In applicazione dell’art. 293 del
Trattato CE, tutti gli Stati Membri hanno adottato la Convenzione del 23 luglio
1990 n.436 sull’eliminazione delle doppie imposizioni (ratificata dall'Italia
con legge 22 marzo 1993, n. 99).
Inoltre, accanto a tale Convenzione
arbitrale stipulata a livello UE, proprio le repubbliche di Italia e Francia
hanno altresì stipulato la Convenzione bilaterale del 5 ottobre 1989
(ratificata dall’Italia con legge 7 gennaio 1992, n. 20) ed entrata in vigore
il 1° maggio 1992, destinata ad evitare il fenomeno della doppia imposizione
fiscale.
A tale scopo, nella consapevolezza che
la materia fiscalità è di competenza dei governi nazionali e non dell’UE cui
spetta il compito di verificare la coerenza dei provvedimenti legislativi
nazionali con le norme europee, si vuole citare il primo comma dell’art. 6 di
detta Convenzione: “I redditi derivanti
da beni immobili, compresi i redditi delle attività agricole o forestali, sono
imponibili nello Stato in cui detti beni sono situati….”; ed ancora, l’art.
23, comma 1: “Il patrimonio costituito da
beni immobili, specificati all'articolo 6, posseduti da un residente di uno
Stato contraente e situati nell'altro Stato contraente, è imponibile in detto
altro Stato….”.
Da ultimo, si ricorda la comunicazione
della Commissione Europea [COM (2006)
823 def.] con cui la Commissione intende avanzare delle iniziative per
promuovere il coordinamento dei sistemi di imposizione diretta degli Stati Membri
per eliminare ostacoli fiscali quali, ad esempio, la doppia imposizione. Nella
stessa introduzione della comunicazione, la Commissione, dopo aver rilevato che
il problema della doppia imposizione costituisce un disincentivo agli
investimenti transfrontalieri, rileva che una soluzione soltanto parziale viene
fornita dalle misure prese dagli Stati Membri a livello unilaterale o nelle
convenzioni fiscali bilaterali vigenti tra loro (ma, in tal caso, disattese).
***
3° MOTIVO:
violazione dell’ART. 4 TUE: obbligo di leale cooperazione
Ai sensi del comma terzo dell’art. 4
TUE:
“…..In
virtù del principio di leale cooperazione, l'Unione e gli Stati membri si
rispettano e si assistono reciprocamente nell'adempimento dei compiti derivanti
dai trattati.
Gli
Stati membri adottano ogni misura di carattere generale o particolare atta ad
assicurare l'esecuzione degli obblighi derivanti dai trattati o conseguenti
agli atti delle istituzioni dell'Unione.
Gli
Stati membri facilitano all'Unione l'adempimento dei suoi compiti e si
astengono da qualsiasi misura che rischi di mettere in pericolo la
realizzazione degli obiettivi dell'Unione”.
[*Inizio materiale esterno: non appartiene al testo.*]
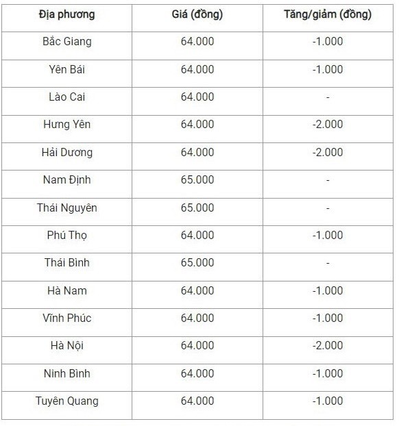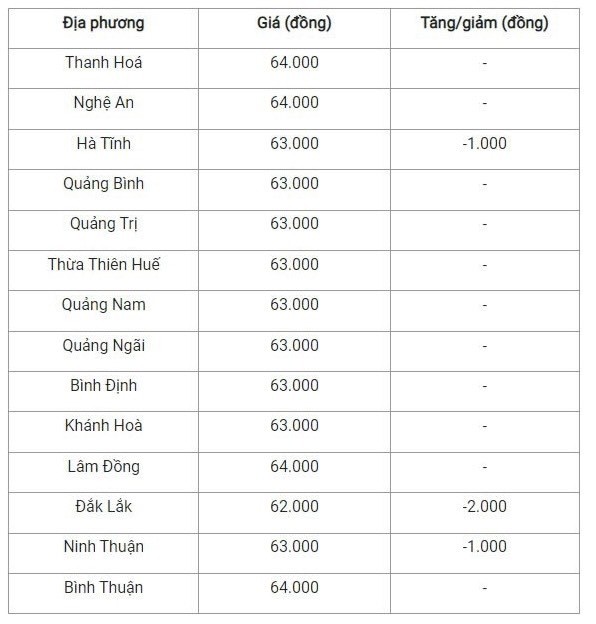 Cụ thể, hai tỉnh Hà Tĩnh và Ninh Thuận giảm 1.000 đồng/kg về cùng mốc 63.000 đồng/kg. Đặc biệt, riêng tỉnh Đắk Lắk giảm 2.000 đồng/kg về mốc 62.000 đồng/kg.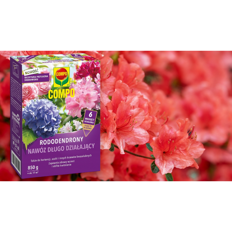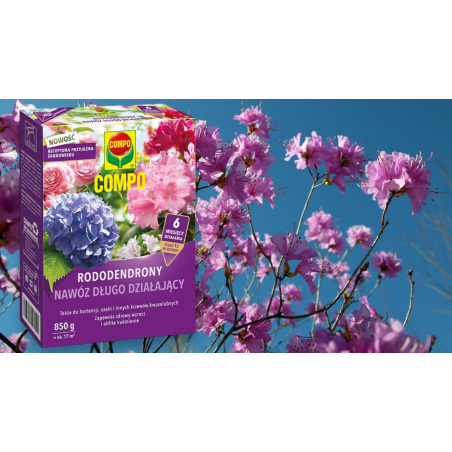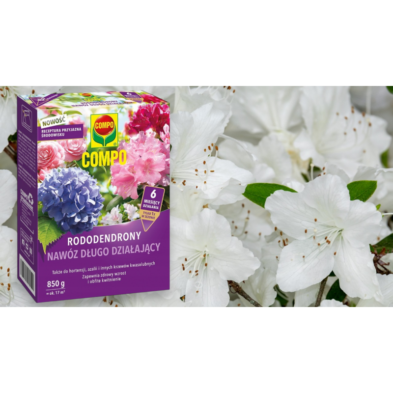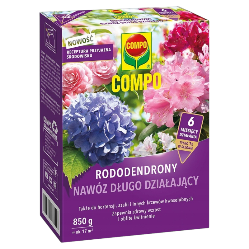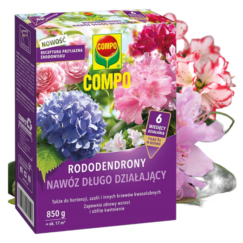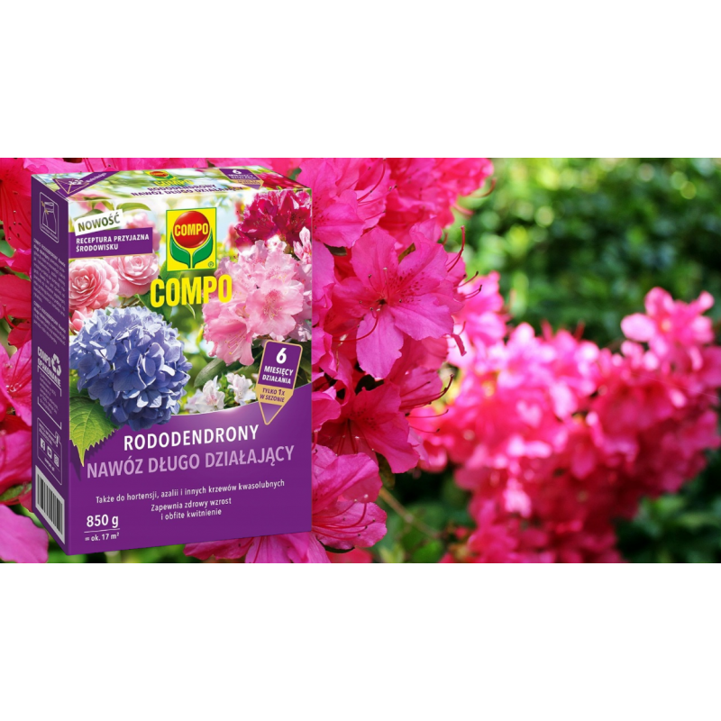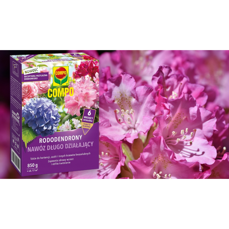 COMPO RODODENDRONY nawóz długo działający dopasowany jest do szczególnych wymagań rododendronów i krzewów kwasolubnych: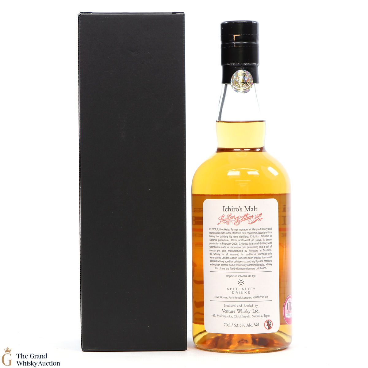 One of just 1736 bottles of the highlight sought after limited-edition Chichibu London (2020) bottlings from the Chichibu Distillery in Japan. Aged for six to eight years and vatted from a total of seven casks including some ex-bourbon barrels previously used to mature peated whisky and casks with new, mizunara-oak ends. Bottled at the cask strength of 53.5% ABV.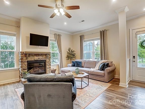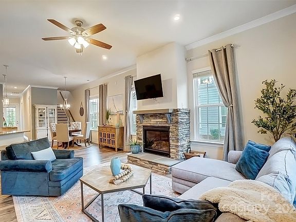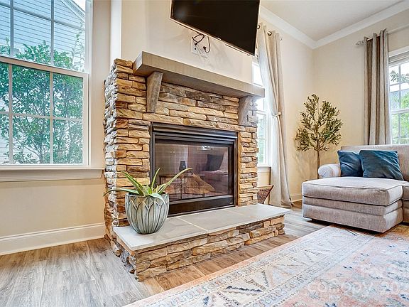 Prepare to fall in love with this townhome located in the picturesque Charleston style community of McCullough. This meticulously cared for, end-unit features an open concept floor plan with lots of natural light. Primary suite is on the main level! This home boasts a large, open kitchen with gas range, granite countertops, tile backsplash, tons of storage & counter space. The living room has a gorgeous stacked stone surround fireplace. Primary suite features double vanity sinks, oversized walk-in tile surround shower, private water closet plus large walk in closet. Upstairs you’ll find three generously sized secondary bedrooms plus a large loft. Walk in attic for tons of storage. 2 car attached garage. Custom paver patio for outdoor entertaining. McCullough’s amenities include a pool, kid swim area, playground, tennis & pickle ball courts & fitness center, plus walking trails. Located just a short drive from downtown Pineville that is full of shops, restaurants, local parks & more.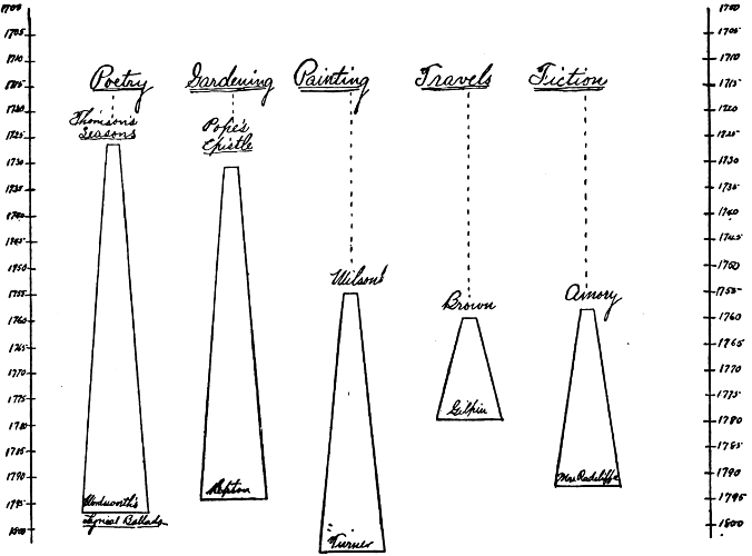[649] Biese in “Die Entwickelung des Naturgefühls,” pp. 209–48, gives a brief résumé of the development of landscape painting in Germany. He calls Rubens and his school the first to make the painting of Nature an independent branch of art, while Ruysdael (1681) is the one in whom “die ganze Poesie der Natur” finds expression. His chapter closes with these words: “Alle diese grossen Niederländer eilen weit der Poesie ihrer Zeit voraus; Gebirge und Meer finden im Wort erst 100 Jahre später ihrer begeisterten Schilderer, und ein in sich stimmungsvoll, abgeschlossenes, lyrisches Landschaftsbild wird erst am Ende des achtzehnten Jahrhunderts in der deutschen Dichtung geboren.” In England, it will be observed, the love of Nature finds earlier and more abundant expression in poetry than in painting, and its completest expression in Wordsworth’s poetry precedes its complete expression in the great English landscape painters of the early nineteenth century. See also for brief résumé of “Landschaftsmalerei” as an indication mainly of the increasing knowledge of distant lands, new forms of vegetation, etc., Humboldt, “Kosmos,” II, 47–58.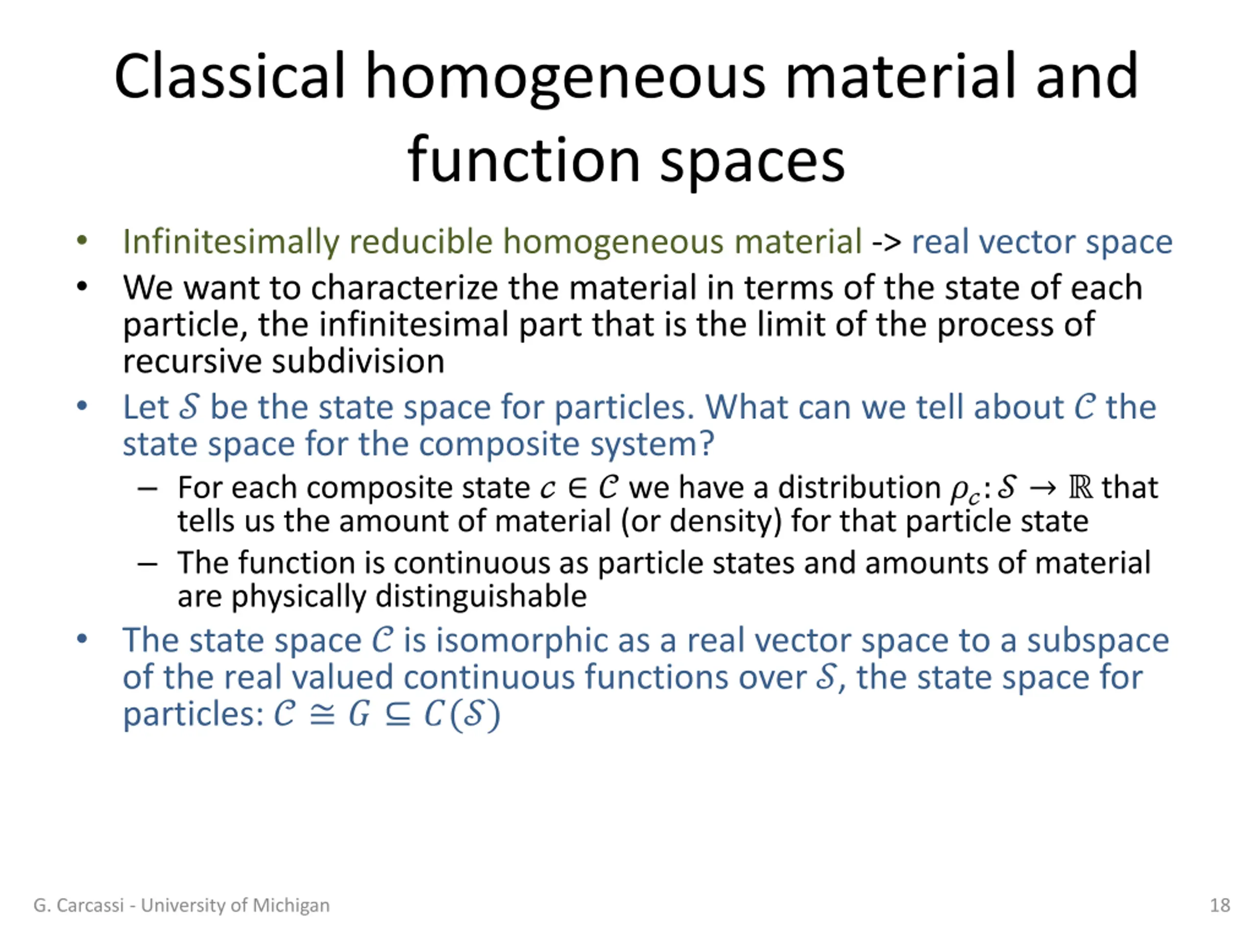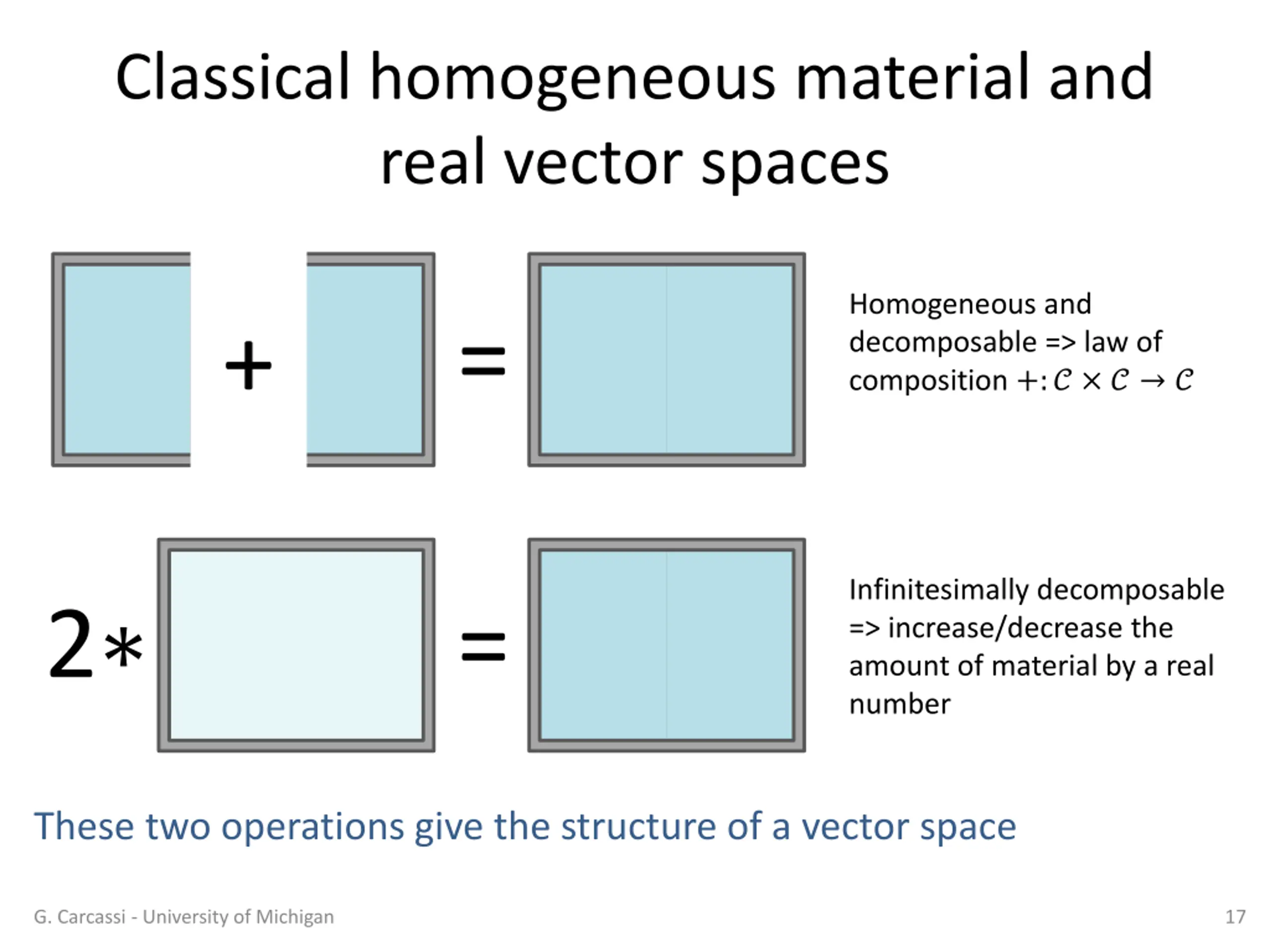 Classical homogeneous material and real vector spaces A classical material is: Decomposable: can be divided into smaller amounts Infinitesimally so: can keep dividing arbitrarily ( particles are the limits of such division) Reducible: giving state of whole equivalent to giving state of parts Homogeneous: state space of each part is the same A classical fluid is an example How do we mathematically capture the structure of such material? G. Carcassi - University of Michigan 16

Alla luce di tale norma, si ritiene
violato questo principio generale dell’Unione nella misura in cui la legge
214/2011 istitutiva dell’ Ivie mina la realizzazione di uno degli obiettivi
dell’Unione quale è quello della realizzazione di un mercato interno in cui sia
garantita la libera circolazione dei capitali.
***
4° MOTIVO:
violazione dell’ART. 9 TUE: principio di uguaglianza.
Ai sensi dell’art. 9 TUE: “L'Unione rispetta, in tutte le sue attività,
il principio dell'uguaglianza dei cittadini, che beneficiano di uguale attenzione
da parte delle sue istituzioni, organi e organismi. È cittadino dell'Unione
chiunque abbia la cittadinanza di uno Stato membro. La cittadinanza dell'Unione
si aggiunge alla cittadinanza nazionale e non la sostituisce”.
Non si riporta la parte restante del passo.